|
А Ричард так никого и не искусал.
Более того – пес, легко усвоивший всю собачью науку, можно сказать, экстерном закончивший начальную школу дрессировки, никак не желал работать всего две команды. «Голос» и «фас», вот какие.
Начнем с того, что Ричард совсем перестал лаять. Сначала я не обращала на это внимания – ну не лает, значит, повода нет хорошего, чего зря глотку драть? А то, что на дверной звонок не реагирует, – так он же не домашняя собака, вот и не понимает пока, что к чему.
Но потом, когда дело дошло до этой самой команды «голос», я обеспокоилась – пес молчал. Словно за два года на цепи он наорался впрок и всю оставшуюся жизнь решил провести в тишине и безмолвии, точно какой-нибудь средневековый монах. Не лаял, не рычал и не скулил.
Рычать не было нужды – если у Ричарда возникали разногласия с другими собаками, он лишь слегка вздергивал верхнюю губу, обычно этого было достаточно.
Если же соперник не уступал ему силой и размером – тут надо было следить внимательно, Ричард, исполнив полагающийся по этикету танец, атаковал молча и стремительно, как акула.
Со скулежом он тоже завязал. О своей радости, нетерпении или недовольстве сообщал при помощи хвоста и мимики – а у овчарок очень выразительные морды.
Ричард говорил короткое «га!» только в одном случае – если ко мне со спины подходил кто-то подозрительный и опасный, по его разумению.

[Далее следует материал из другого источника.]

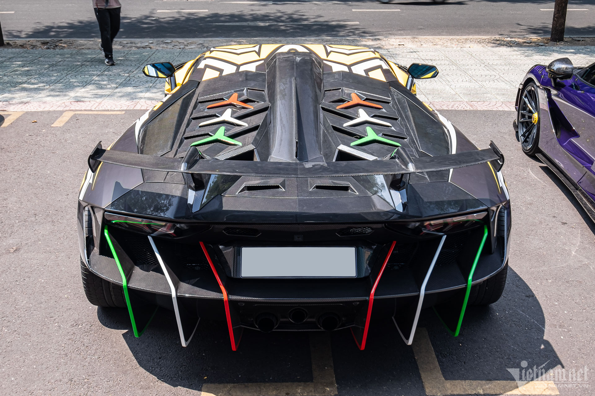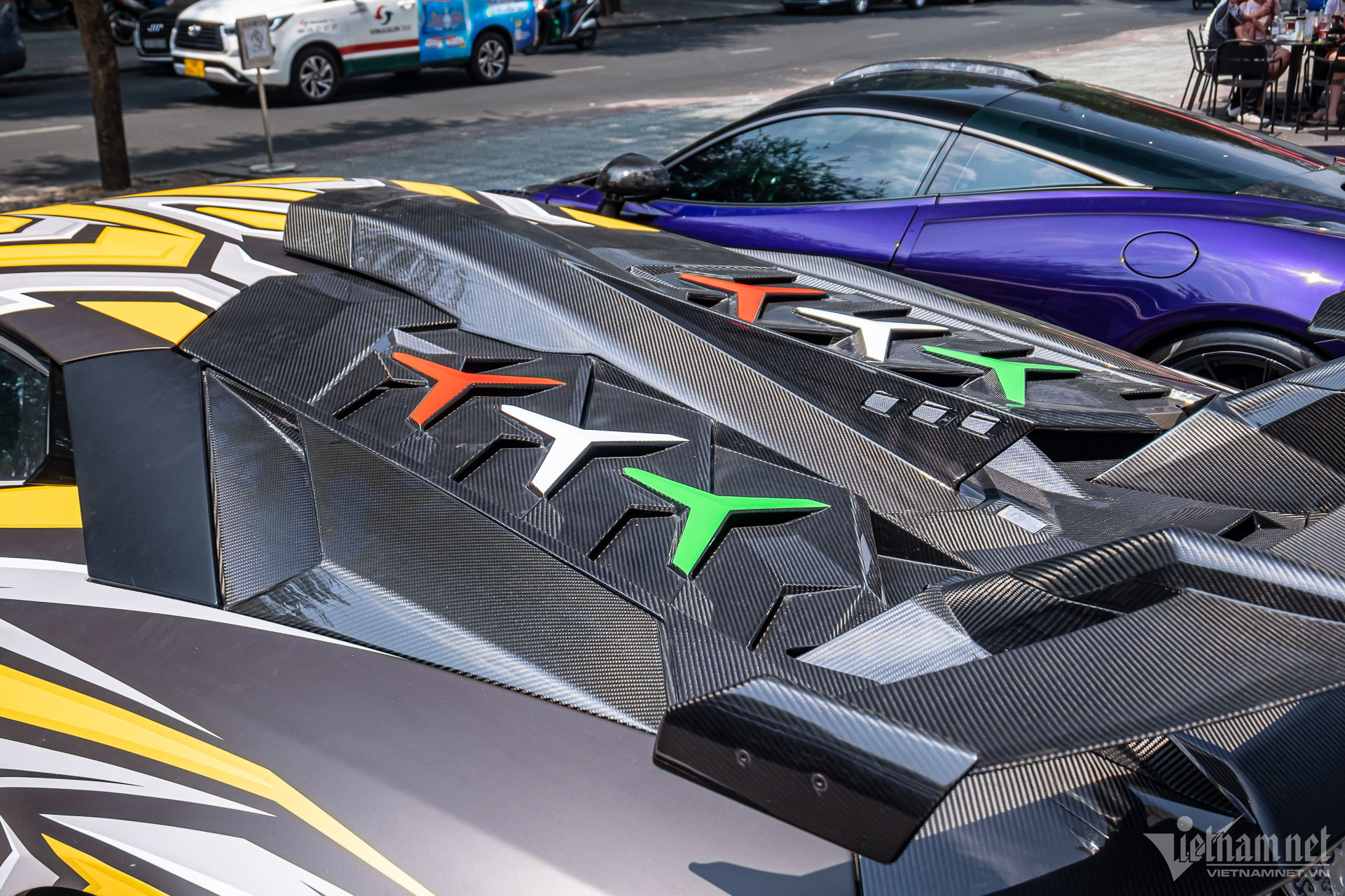 Điểm nổi bật nhất trên chiếc Lamborghini Aventador này nằm ở đuôi xe, lấy cảm hứng từ mẫu Lamborghini Centenario triệu đô. Cản sau gồm nhiều cánh chia gió cỡ lớn với độ cắt xẻ mạnh, để lộ bánh sau của xe. Bên trên là cánh gió cỡ lớn, song chi tiết này chỉ làm tăng vẻ hầm hố cho chiếc siêu xe.

То есть совсем уж зайчиком пушистым он не был, но для агрессии у него находились свои резоны.
Например, он сразу стал работать охрану – как он ее понимал, конечно. Никто, ни один человек, даже Геша, не мог подойти ко мне, когда я спала. Ричард последовательно пугал злоумышленника – сперва показывал зубы, потом приподнимался на передних лапах, а если человек упорствовал, Ричард прыгал и прижимал негодяя к земле. И все это молча, тихо, как мышь.
Ричард стал любимчиком на конюшне, хотя не подпускал к себе никого, кроме меня и Геши, не позволял себя ни погладить, ни покормить, все равно малышня каждый раз пищала: «Привет, Ричард! Как дела, Ричард!» – а пес сдержанно улыбался и слегка вилял хвостом.
Даже Бабай хвалил Ричарда, особенно после того, как пес стал охранять конюшенный двор.
Пару недель поболтавшись по конюшне и запомнив своих, тех, кто бывал там часто, Ричард стал работать по системе «всех впускать, никого не выпускать». Если к нам во двор забредал чужак, пес его обнюхивал и ненавязчиво, издалека начинал за ним следить. Все было тихо-мирно ровно до тех пор, пока незнакомец не решал покинуть двор. Тут уж Ричард садился в воротах, и все. Пока не подходил кто-нибудь из своих, человек выйти не мог. Ну а если он случайно прихватывал с собой хоть коробок спичек – Ричард не выпускал его, пока тот не вернет награбленное, и тут уж никакие уговоры не помогали.
При этом все делалось тихо, без рыка и лая, Ричард просто смотрел, но почему-то было понятно: нет, не надо злить эту собаку и подходить не надо.
Пашка так это объяснял: «Ты понимаешь, он смотрит как… как моя мама на курицу. Вот мама приносит курицу из кулинарии, смотрит на нее и думает: как приготовить? Поджарить в сухариках, или сварить, или жаркое там… Вот и он так… И очень страшно быть этой курицей, понимаешь?»
А Бабаю нравилось то, что Ричард такой серьезный и молчаливый. «Ай, красавец! Ай, умница! – нахваливал он пса. – Тень, убийца. Дельный пес».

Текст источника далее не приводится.